R is an extremely versatile software to run your own models. It is used by many people from many different fields. There are many websites out there to help people make the most of it: R bloggers, Stack Exchange, among others.
I have met some researchers that argue that it is a slow software, compared with some other options available out there. Other options include Stata (which I also use), Nlogit, or Matlab. I fully agree that R is not optimal: more often than not, the models take a long time to converge (if they converge at all!). Yet, I have not found a single thing in my research that is not possible with R.
Since it is so versatile, R is widely used. You can do something as simples as calculate averages of your variables of interest, or complicated tasks like making your own beautiful maps or writing your own mathematical model and optimizing it. The possibilities are endless. Wherever I am stuck, I just write in the google searchbar an expression, and surely I always find a link that proposes a solution in a help forum to get me started.
It is used more and more in economics, especially in environmental economics. All of the PhD courses I have attended used R. I have been specializing in non-market valuation methods, namely the contingent valuation and travel cost methods, and discrete choice modelling. Most of my expertise as regards to R is in the travel cost method and discrete choice models. But it’s very straightforward to apply the CV method in R and go even further: if you need to tweak your log-likelihood function, R is a great software to do so.
Another reason why I use R in my research is that environmental economics relies heavily on the use of survey data. Unlike Census data or big data that has probably been externally validated, survey data frequently has missing data, strangely coded fields, etc. This implies that you need to recode some fields, sometimes with too many “if” functions. While I used to do this in Excel, I found that doing it in R saves me time in the long-run, especially because I don’t need to edit the data over and over again in case the base data file changes: I can just run the R script. There is much you can do with survey data, and there are many useful packages in this venture.
But in the course of my own research, I often felt at a loss when needing to edit my data and run my models. Sometimes I didn’t know where to start and just wished there was a guidebook for people like me about which packages and commands could be most useful in our field. Some other times, I had tasks that were monotonous and repetitive.
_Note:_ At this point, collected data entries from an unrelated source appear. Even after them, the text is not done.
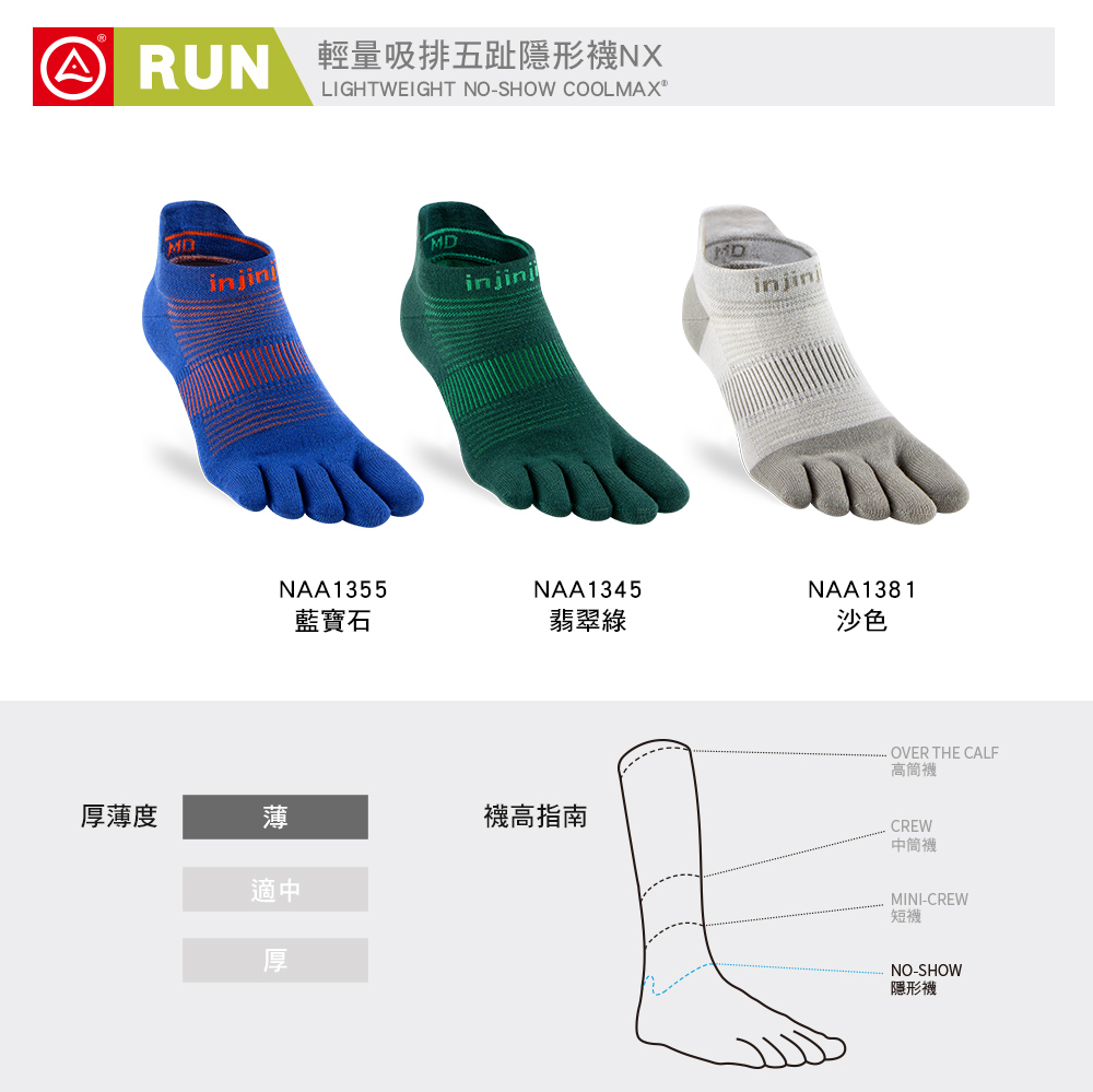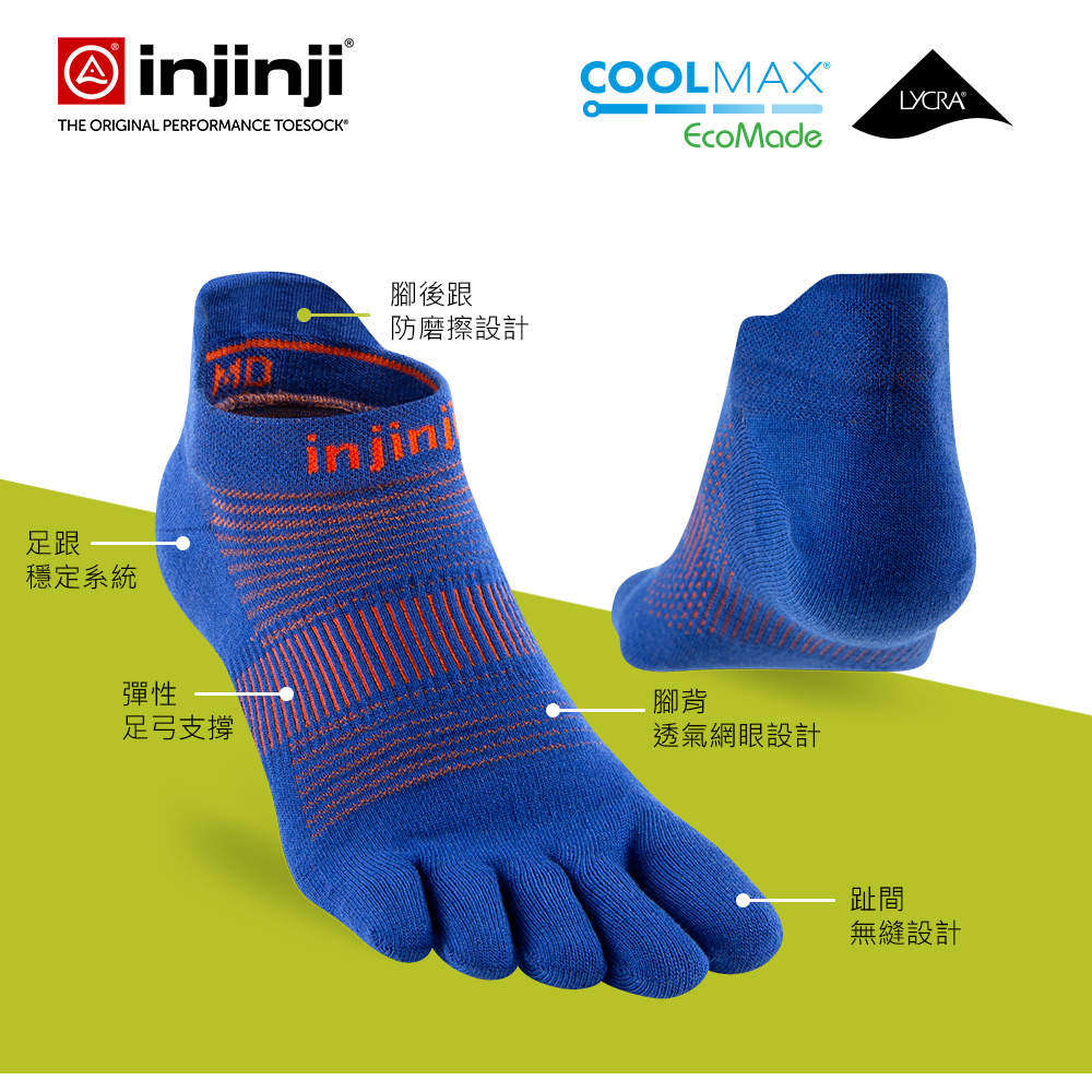 【injinji】Run輕量吸排五趾隱形襪NX (藍寶石) - NAA1355 | COOLMAX 快乾襪 吸濕排汗 輕量透氣 五趾襪 隱形襪
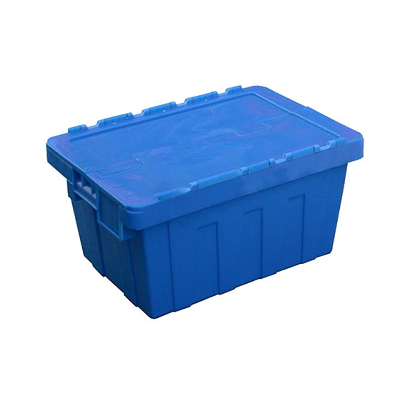 1. 物流箱為可插式、帶連體外翻箱蓋;把手搬運(yùn)舒適,空箱套入時(shí),把手在外。
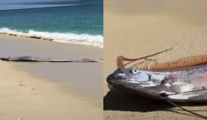 지난 4일 멕시코 카보산루카스 해변에 나타난 산갈치. 소셜미디어 캡처
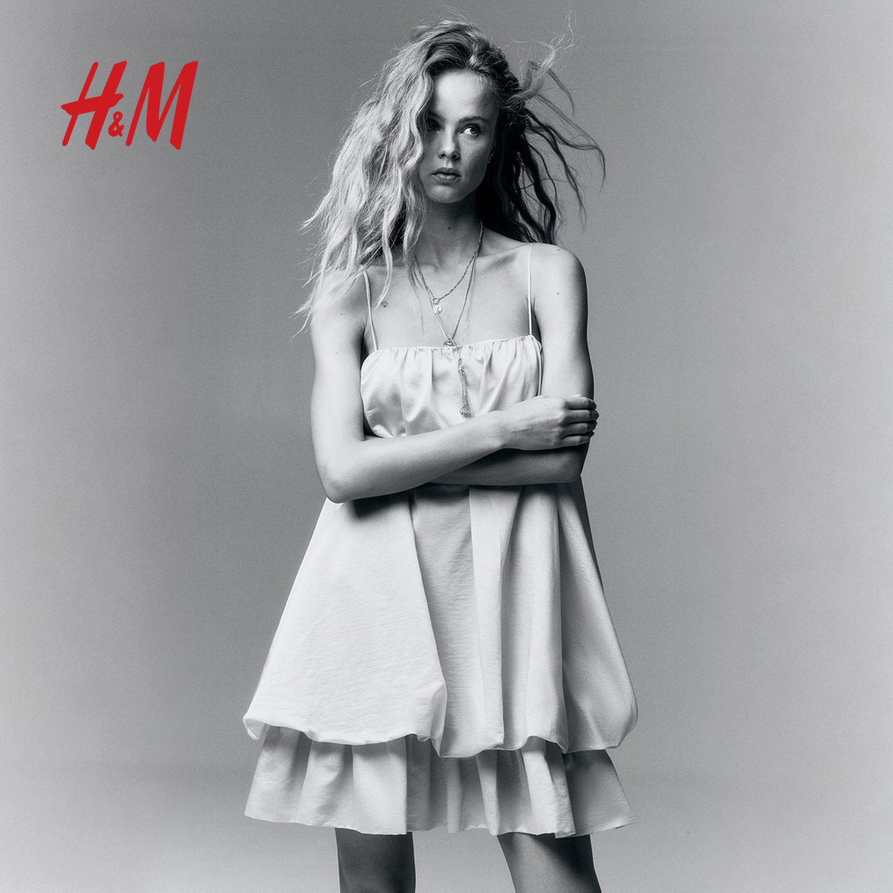 HM女装无领连衣裙春季约会穿搭泡泡花苞裙连身裙1289445
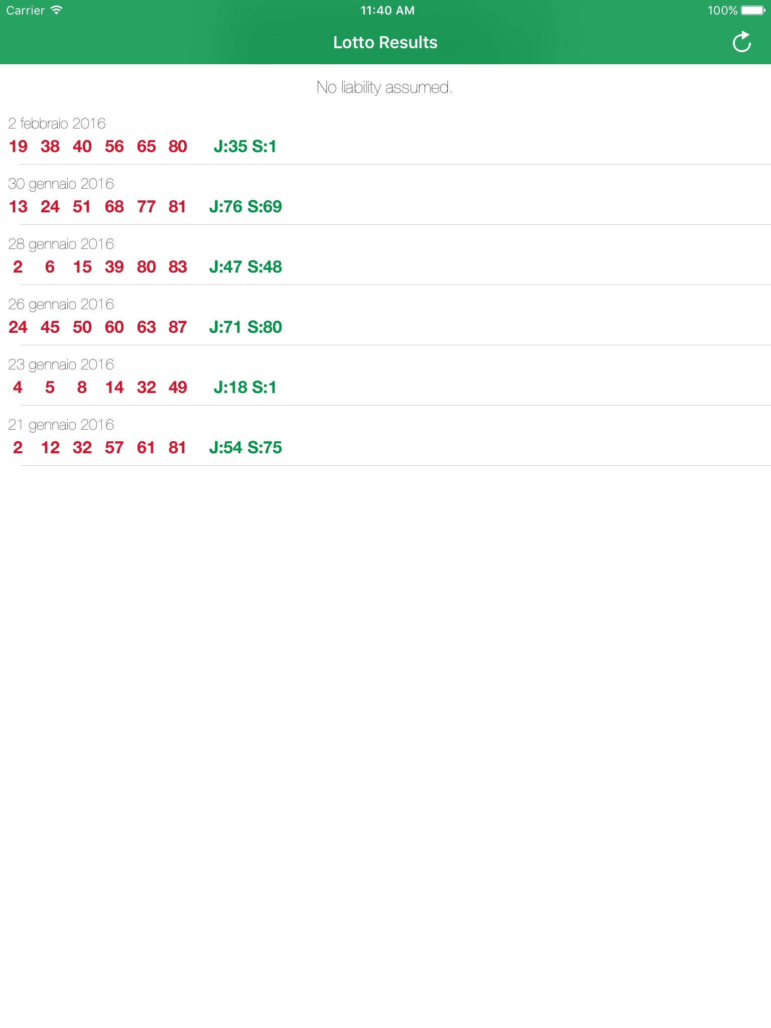 - Shows the last draw results of the Superenalotto Lotteria
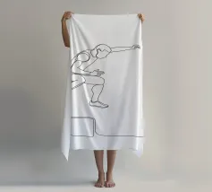 Una line art minimalista di un tuffatore in movimento, che cattura la grazia, la precisione e il movimento fluido. Perfetto per gli amanti dello sport e delle decorazioni a tema acquatico.
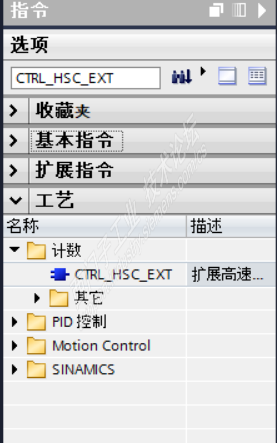 所有西门子内置指令均可在功能块右侧的“指令”菜单栏中通过搜索找到:
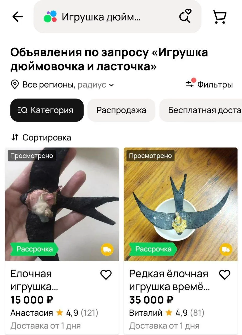 Если вы хотите узнать, какие игрушки стоят дорого, можно поискать списки редких моделей в интернете, сравнить фотографии с имеющимися у вас. Например, дорого можно продать наборы по сказке «Чиполлино», фигурки «Конек-Горбунок», «Дюймовочка и ласточка» или комплект «15 республик СССР». На «Авито» игрушка «Дюймовочка и ласточка» выставлена за 15-35 тысяч рублей. Поэтому, если у вас есть подобные дома, вы можете заработать неплохую сумму.
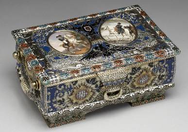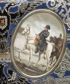 Эта коробка посвящена столетию вторжения Наполеона в Россию, в частности, Бородинского сражения (7 сентября 1812 года), в котором, несмотря на поражение русских, французы понесли неподъемные потери. Один из овальных медальонов на крышке повторяет, в обратном направлении, конный портрет царя Александра I (1837) Франца Крюгера (нем. 1797-1857), который сейчас находится в Военной галерее в Зимнем дворце. На другой изображена деталь, также перевернутая, из картины Ж.Л.Э. Мейссонье «Поход во Францию» (1864), известной в народе как «Отступление из Москвы», находящейся в Лувре в Париже
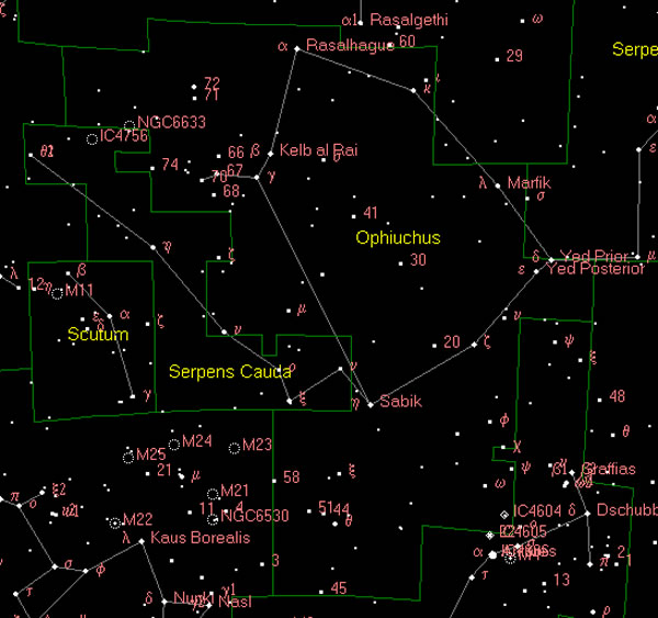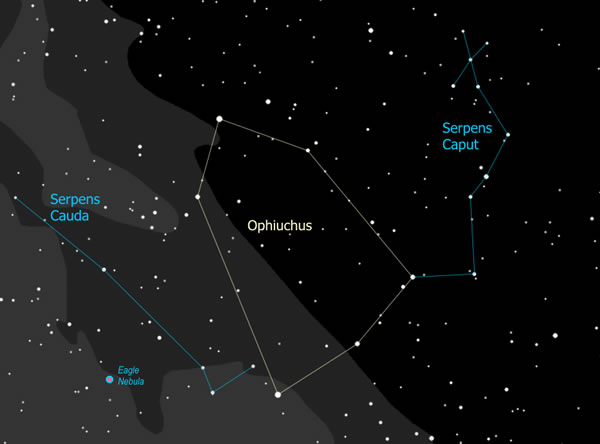 蛇夫座(Ophiuchus)是赤道带星座之一,从地球看位于武仙座以南,天蝎座和人马座以北,银河的西侧。蛇夫座是星座中惟一一个与另一星座-巨蛇座交接在一起的,同时,蛇夫座也是惟一一个兼跨天球赤道,银道和黄道的星座。蛇夫座既大又宽,形状长方,天球赤道正好斜穿过这个长方形。尽管蛇夫座跨越的银河很短,但银河系中心方向就在离蛇夫座不远的人马座内。银河在这里有一块突出的部分,形成了银河最宽的一个区域。

I always wondered whether there was a faster way of doing a repetitive task that, albeit probably taking even more time, it would make my job less boring and that would require more learning. At the end of the day, I always find a package that can save my life. And this work pays off in the long run.
I thought it would save some time for future researchers if I could document my own efforts and share them. Hence this blog came to life. This blog might be especially relevant for PhD students who are getting started with valuation methods, or for more senior researchers aiming to transition into R. Some of the things I will be writing about took me months to discover, others took me digging into textbooks and yet feeling even more confused.
I will be sharing some useful commands that might interest practicioners in environmental economics. I hope you find what you are looking for!
Here are some useful resources to use R in applied environmental economics:
- Econometrics with R: Christoph Hanck, Martin Arnold, Alexander Gerber and Martin Schmelzer (2019). Introduction to Econometrics with R. Available here: https://www.econometrics-with-r.org/11-1-binary-dependent-variables-and-the-linear-probability-model.html
- Text Mining with R: Silge, J., & Robinson, D. (2017). Text mining with R: A tidy approach. URL: https://www.tidytextmining.com/index.html
- Stated Prefence Data: Aizaki, H., Nakatani, T., & Sato, K. (2014). Stated preference methods using R. Chapman and Hall/CRC.Aizaki, H., Nakatani, T., & Sato, K. (2014). Stated preference methods using R. Chapman and Hall/CRC.